Во второй половине ноября 1952 года Арье Лернер находился со своей женой в отеле на курорте минеральных вод в Кринице. Тогда в соседней Чехословакии полным ходом шел процесс Сланского. Генеральный секретарь ЦК КПЧ Рудольф Сланский и 13 высокопоставленных партийных и государственных деятелей, 11 из которых являлись евреями, были арестованы и обвинены в «троцкистско-сионистско-титовском заговоре». По Польше поползли разнообразные слухи, антисемитские настроения всколыхнулись с новой силой. В ноябре 1952 года в «Трибуне Люду» появилась статья, открыто подстрекавшая против сионистов и их «слуг» в странах народной демократии.

26 ноября 1952 года, после грязевых ванн, лечащий врач, озираясь по сторонам, тихо сказал Лернеру: «Тут происходит что-то странное!» и показал ему газету с информацией об аресте Сланского. Не успели они попрощаться, как в коридоре процедурной появились два молодых человека и вежливо попросили Лернера: «Пожалуйста, пройдите за нами». Ему позволили только зайти в комнату и предупредить жену. «Видите, господа, всё в порядке. Она, по крайней мере, будет знать, что я не сбежал с любовницей!» «Господа» с нескрываемым цинизмом добавили: «Это вовсе не надолго, скоро вернется. Чистая формальность».

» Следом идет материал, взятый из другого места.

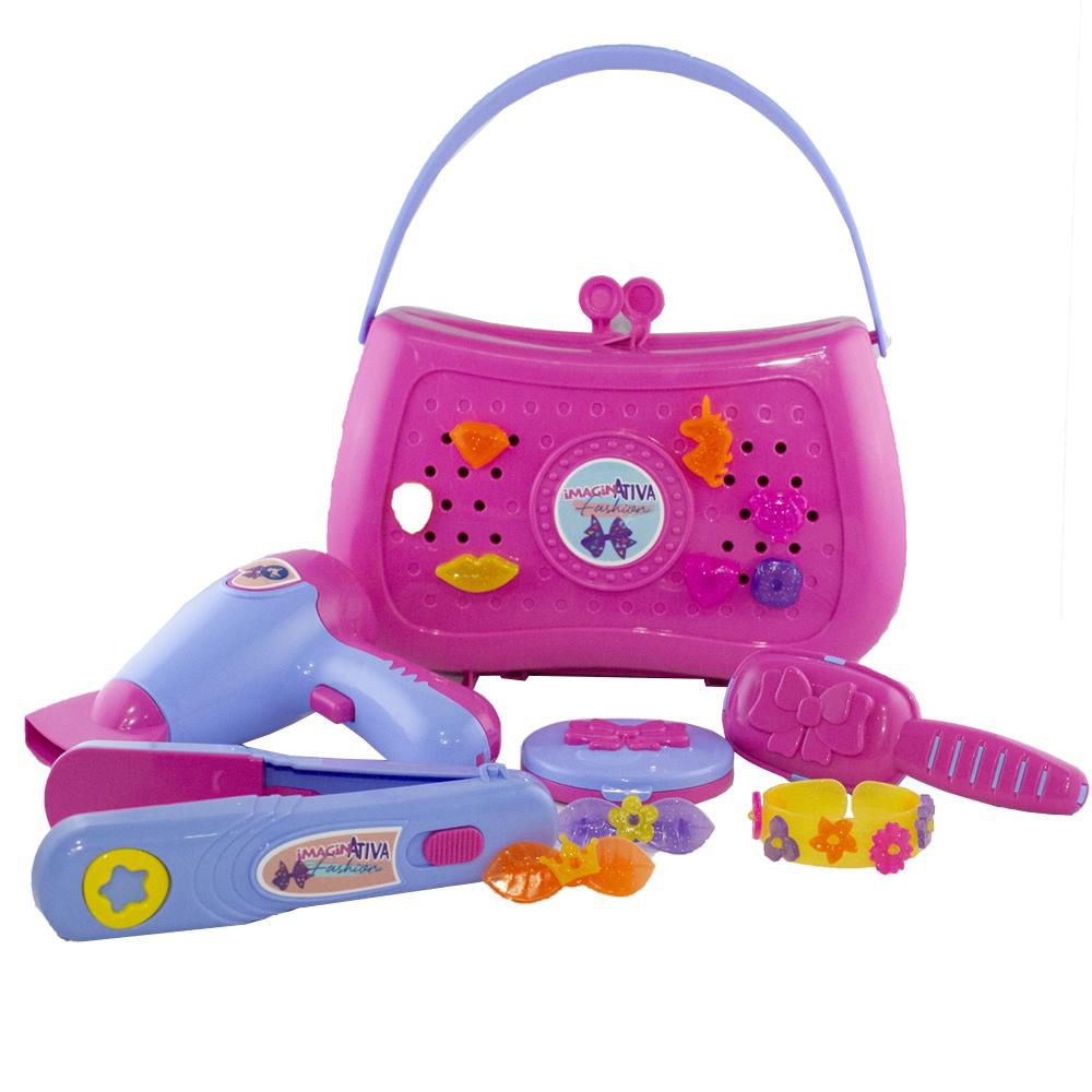 Brincar, passear e ainda personalizar a bolsinha e a pulseira como quiser. Além dos acessórios como secador de cabelo e prancha, vem também presilhas para prender o cabelo. São sete botons exclusivos para encaixar na bolsinha, com formato de diamante, coração, ursinho e boquinha. E para quem não sai de casa sem uma pulseirinha, pode personalizar ela todo dia com os berloques em diversos formatos.

Лернера доставили в местное отделение милиции, а оттуда перевезли в Варшаву, где его встречал ситроен с уже знакомым ему евреем-следователем из Министерства общественной безопасности, ранее вызывавшим Лернера на допрос, и поляком, лейтенантом Ежи Валичаком. Арье Лейб, безусловно, понял, куда ведет дорога, и дерзнул спросить: «Едем прямо в Мокотув?» В этом районе Варшавы находилась страшная политическая тюрьма, открытая еще царскими властями в 1904 году, аналог московской Лубянки. Ответили ему емко: «А что, сука, думал, мы на увеселительную прогулку!?»

Но не успели за ним закрыться ворота тюрьмы, как спецслужбист обратился к арестованному таким образом, что было совершенно непонятно: то ли он угрожал, то ли просил: «Послушай, Лернер, расскажи мне всё, что знаешь, — и прямо сегодня выйдешь на волю».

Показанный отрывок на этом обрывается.